I suspect there are many reasons, including that many parents’ early memories of school include academic instruction, and perhaps their struggles with it. Parents don’t want their children to struggle and they acquire the mistaken notion that doing worksheets and flashcards will give their children an edge. They want to see their kids buckle down and learn, darn it! Play looks too, well, uh…fun.
Another reason, I suspect, is that when they shop for preschools, they run into some programs that say they are play-based, but do not know how to make play the center of learning for the children. The teachers do not have the training to scaffold children’s skills to go deeply into their interests, to pursue and develop their ideas in play. The play these parents see is not high-quality play. It is not avid, creative learning. It is just, well, let’s be frank—goofing around. Flitting from activity to activity. I know this from what my college students tell me.

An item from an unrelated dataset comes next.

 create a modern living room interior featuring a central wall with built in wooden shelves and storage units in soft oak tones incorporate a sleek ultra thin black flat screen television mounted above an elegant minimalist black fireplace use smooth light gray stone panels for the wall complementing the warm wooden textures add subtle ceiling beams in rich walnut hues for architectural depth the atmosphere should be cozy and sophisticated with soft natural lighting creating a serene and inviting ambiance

The most important fact, in my mind, is that mature, high-quality play is creative. Creativity is an innate part of cognition. Once I had a pre-K student who noticed that birds seemed to poop all over the playground picnic tables. He developed a hypothesis that if he made a bird toilet, our picnic table would be cleaner. In the classroom, working for over a week, he used constructive materials (boxes, tubes, and magazine pictures) to create his bird toilet. On the seat, he glued a picture of worms to attract the birds so that they would be motivated to use the facility rather than our picnic table. In the process, he explained his contraption (oral language; cognitive development), asked others to find materials for him (social development), and through trial and error, created his invention. He tested his hypothesis outdoors. Now I would love to tell you that the birds flocked (no pun intended) to his creation, but of course, this didn’t happen. What did happen is that other children began forming ideas of inventions they thought might be needed and began creating them. The bird toilet itself was used on the playground for imaginative, if bathroom oriented, play by many children!

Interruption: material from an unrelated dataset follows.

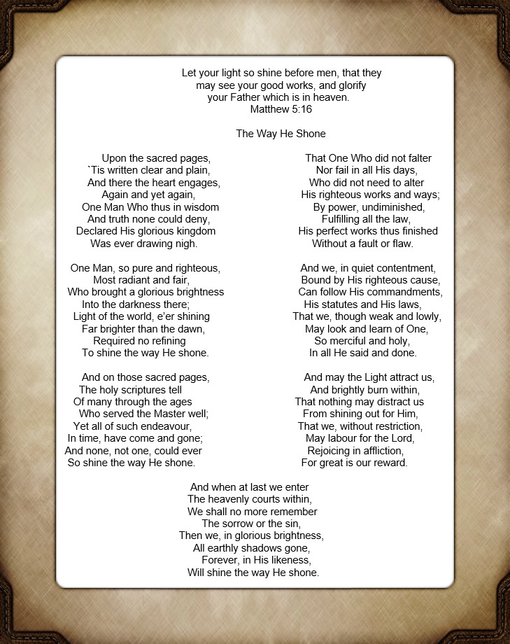 Matthew chapter 5 (c) Poem by Kenneth I. Burnett Share this: Click to share on X (Opens in new window) X Click to share on Facebook (Opens in new window) Facebook Like Loading...
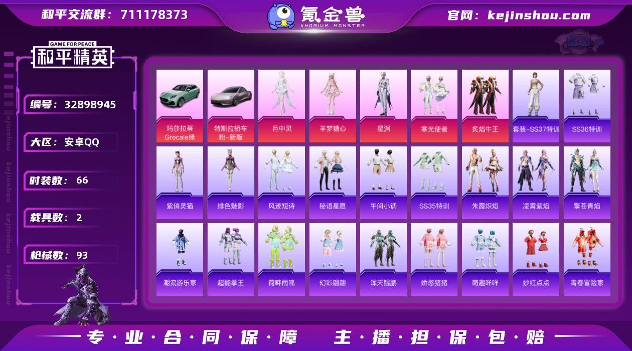 【和平精英】6粉装,8特效枪,3载具,历史最高段位:超级王牌11星 王牌印记8次 热力值:63667,126套装,184枪械,208装备,103战备;套装:套装-梦幻火箭,套装-炙焰牛王,套装-寒光使者,角色-羊梦糖心,角色-星渊,角色-月中灵,套装-蓝色运动,套装-黄色伏地魔,套装-竞技名士,套装-长空猛禽,套装-蓝色守护者,套装-灰色守护者,套装-冷焰舞者,套装-灼焰舞者,套装-特战装甲,套装-春日漫步,套装-潮流先锋,套装-龙腾端午,套装-暗黑骑手,套装-千禧之恋,套装-魅力单车,套装-夜莺强袭者,套装-都市漫游者,套装-野性战心,套装-破晓战魂,套装-风行保卫者,套装-雪山精英,套装-幻世战舞者,套装-缤纷果语,套装-滨海厨神,套装-龙魂突击队,套装-极速红龙,套装-麻辣教官,套装-粉红小猪,套装-破蛋小黄鸡,套装-疯狂小兔子,套装-霓虹街区,套装-SS8特训,套装-萌黄之夏,套装-超能拳王,套装-夏日音浪,套装-SS9特训,套装-顽皮玉兔,套装-探宝勇士,套装-牛气满满,套装-青春冒险家,套装-潮流游乐家,套装-萌趣颜团子,套装-特种颜团子,套装-战术大师,套装-狙击之神,套装-SS12特训,套装-牛气冲天,套装-耀粉歌者,套装-迅捷之星,套装-治愈之星,套装-科技之...

This boy could not have made his invention, nor could other children have taken up the idea of creating inventions, if the program had been either an academic program, or a traditional program that claimed it was play-based, but did not scaffold inventive, creative learning opportunities. In the school where I taught, teaching staff applauded and encouraged the boy’s work. They brought in, and asked parents for, boxes, tubes, tape and other materials to give the children what they needed to pursue their interests. They began reading books about birds, and bird recognition. We found nests in trees to keep an eye on. We rode the wave of creative play.
All of this was documented in picture and text in the halls. Our parents learned the benefits of these types of projects because teachers and administrators put it up where parents could see them. In Rae’s radio program, one of the guests mentioned using documentation to illustrate the learning taking place in children’s play. For me, this is a deal-breaker. Connect those standards to the documentation. Explain, in text on pictures, or narration in videos, how the play allows children to learn across all domains, and in all content areas. Keep at it. And make sure the right people (administrators, parents) have it in their faces day and night. The effort is more than worth it if more children get the opportunities to learn through the language of play.